- Exercise description
Among the entries below, only the lines from the one with "Kolekcia brandy 4x0,05L" through the one with "鼎潔盛世商用駕駛式掃地車DJ1500(帶棚)" are to be retyped, exactly and without pictures.

[Records excerpted from a collection]
=== Begin Enclosure ===

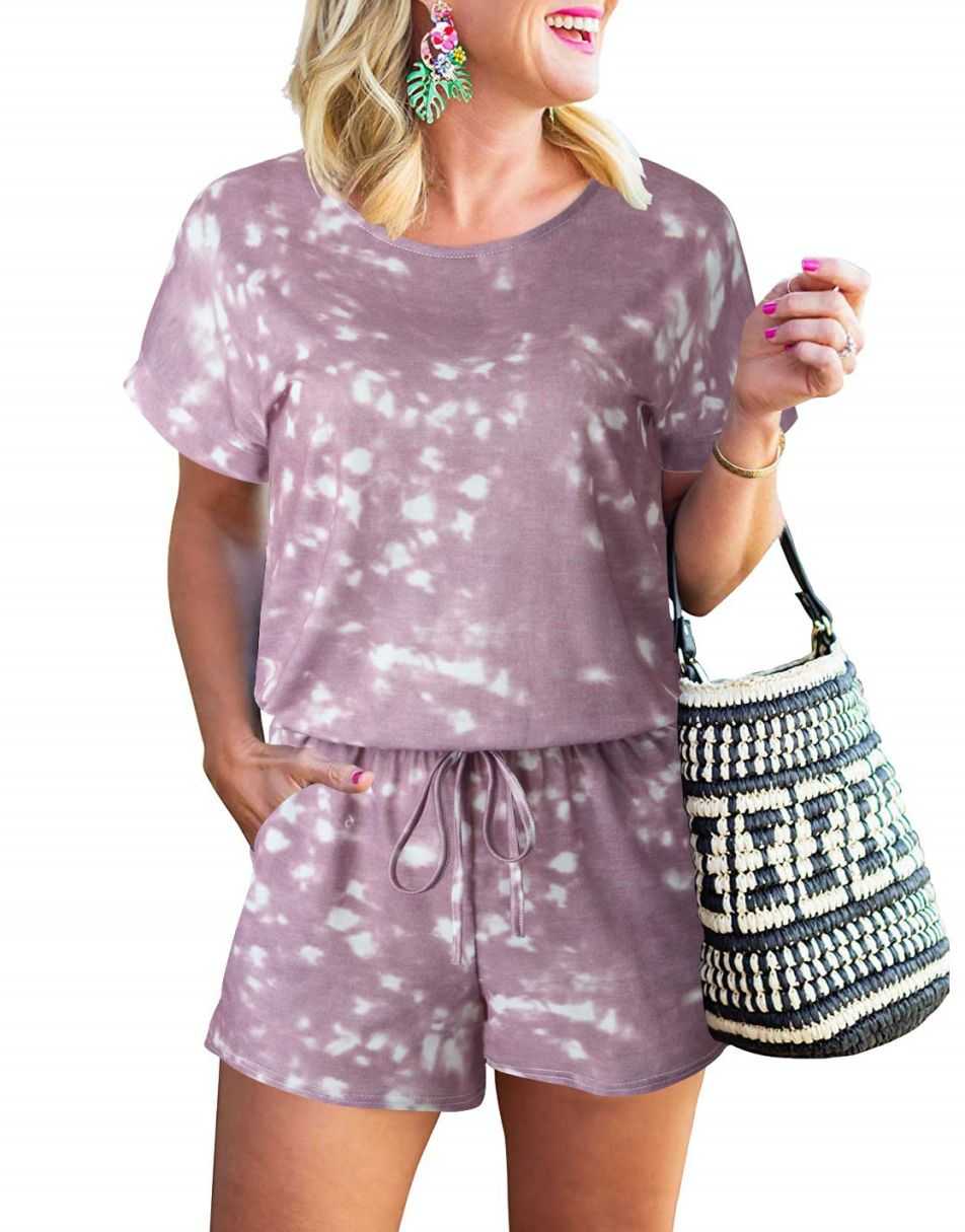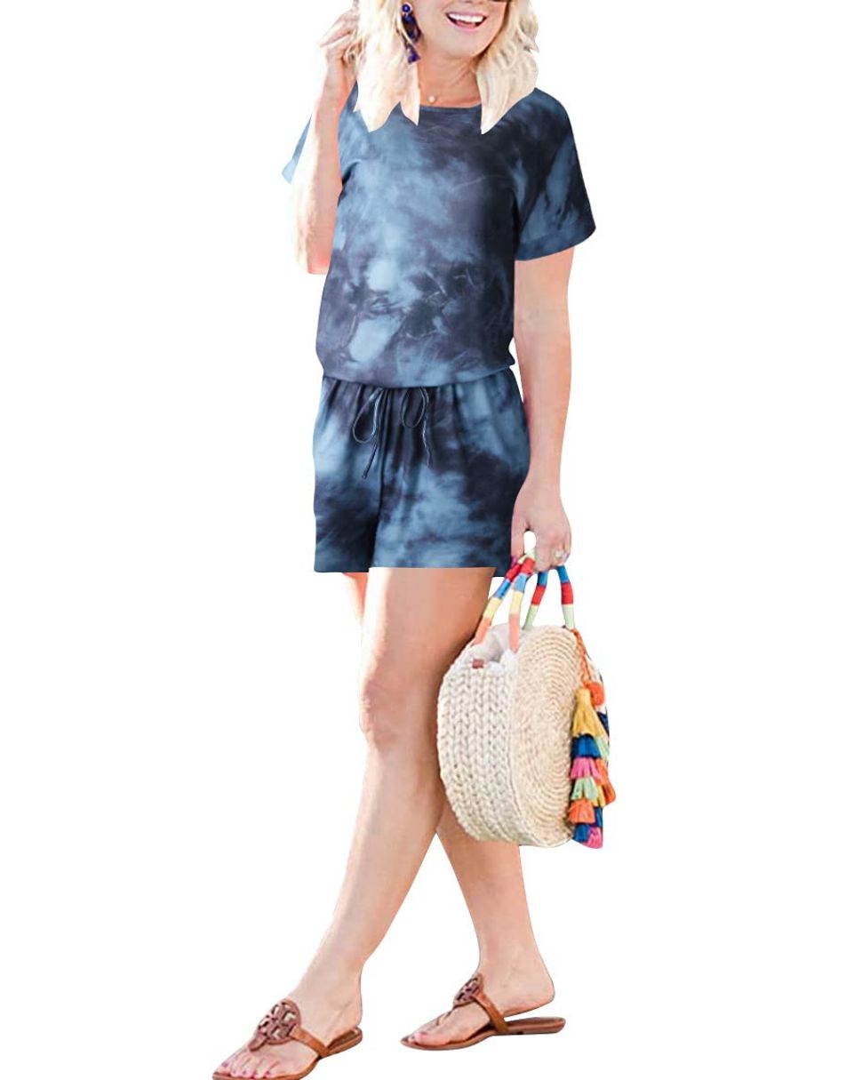 ANRABESS Short Sleeve Striped Jumpsuit with Pockets Short Pant Rompers Pajamas Loungewear
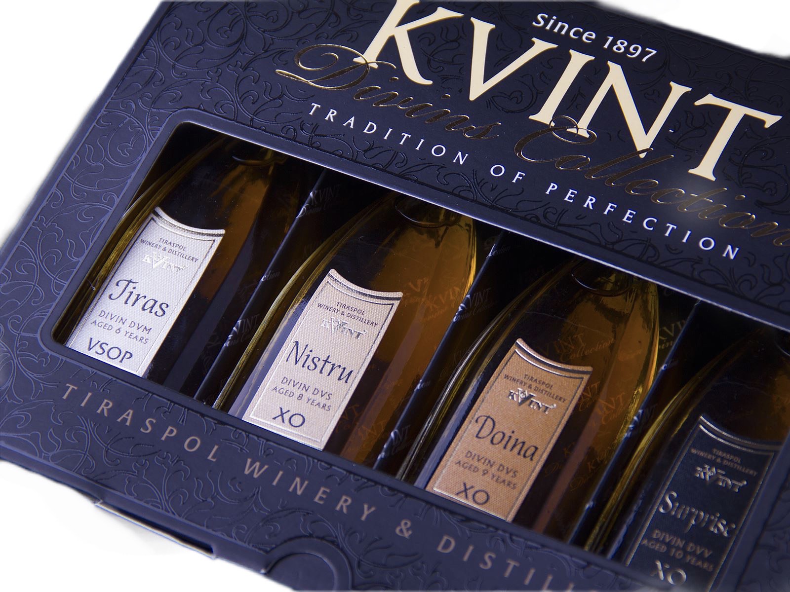 Kolekcia brandy 4x0,05L 40% KVINT zahŕňa 4 miniatúrne fľaše – Tiras (6 rokov), Nistru (8 rokov), Doina (9 rokov), Surprise (10 rokov). Vysokokvalitné brandy zreté v dubových sudoch ponúka vynikajúci nápoj zlatistej jantárovej farby s bohato rozvinutou arómou kvetov, vanilky a ovocia. Chuť brandy je mäkká a dlhotrvajúca.
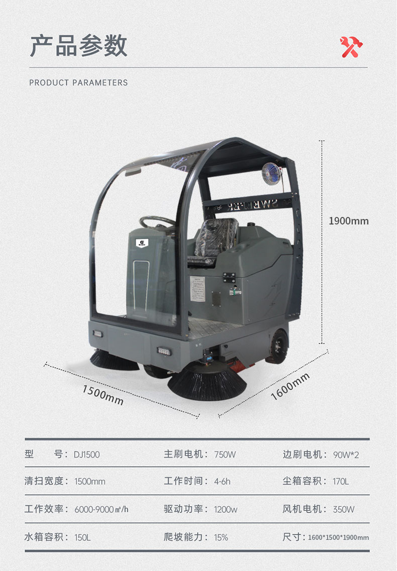 鼎潔盛世商用駕駛式掃地車DJ1500(帶棚)
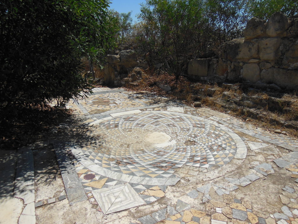 The highlight of my long morning at Salamis was probably the so-called Kambanopetra Basilica. The ruins of this large late antique church – and particularly the beautiful inlaid floors of the adjoining bishop’s palace –were impressive enough; but what made them memorable was the sparkling sea beyond. Fighting my way through thorny scrub to the beach, I walked for nearly a mile along a narrow strip of sand, looking for the remains of Salamis’ harbor. Here and there, lines of ancient masonry were visible through the clear water. Some were clearly the foundations of stone quays; others, half-protruding from the waves some hundred yards from shore, were almost certainly part of the seawall. A fresh breeze off the Mediterranean sighed through dead grass on the dunes over the ancient harbor district; ancient walls emerged from the sand where storms had bitten had into the coastline, and the pebbly margin of the beach was red with fragments of Roman and Byzantine pottery.
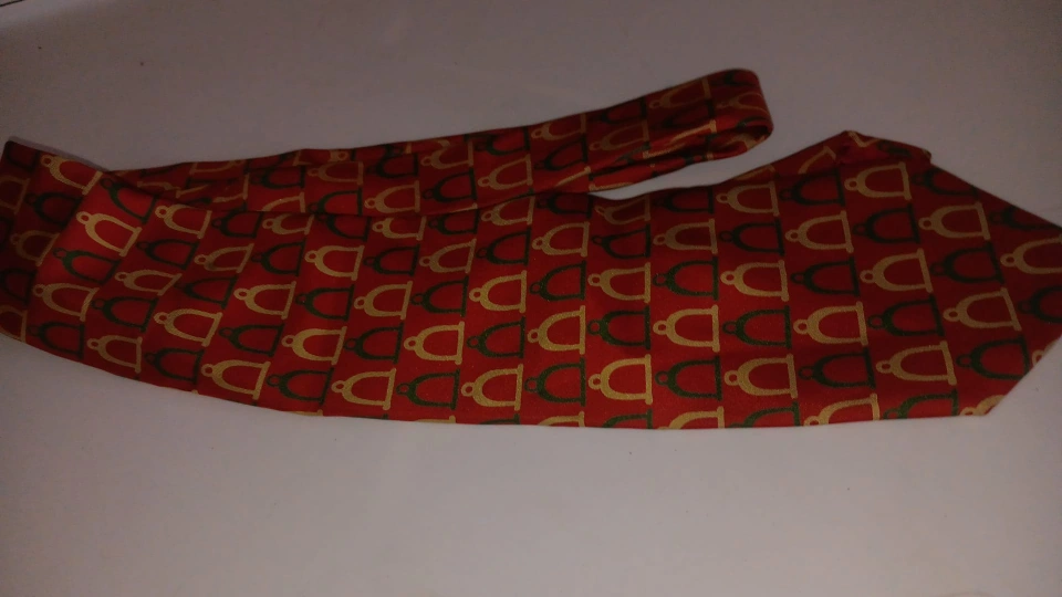 Men's silk necktie. Red background. Repeating gold and green horsebit pattern. Classic design. Great addition to any wardrobe. never used

=== End Enclosure ===

- Completed task
 Kolekcia brandy 4x0,05L 40% KVINT zahŕňa 4 miniatúrne fľaše – Tiras (6 rokov), Nistru (8 rokov), Doina (9 rokov), Surprise (10 rokov). Vysokokvalitné brandy zreté v dubových sudoch ponúka vynikajúci nápoj zlatistej jantárovej farby s bohato rozvinutou arómou kvetov, vanilky a ovocia. Chuť brandy je mäkká a dlhotrvajúca.
 鼎潔盛世商用駕駛式掃地車DJ1500(帶棚)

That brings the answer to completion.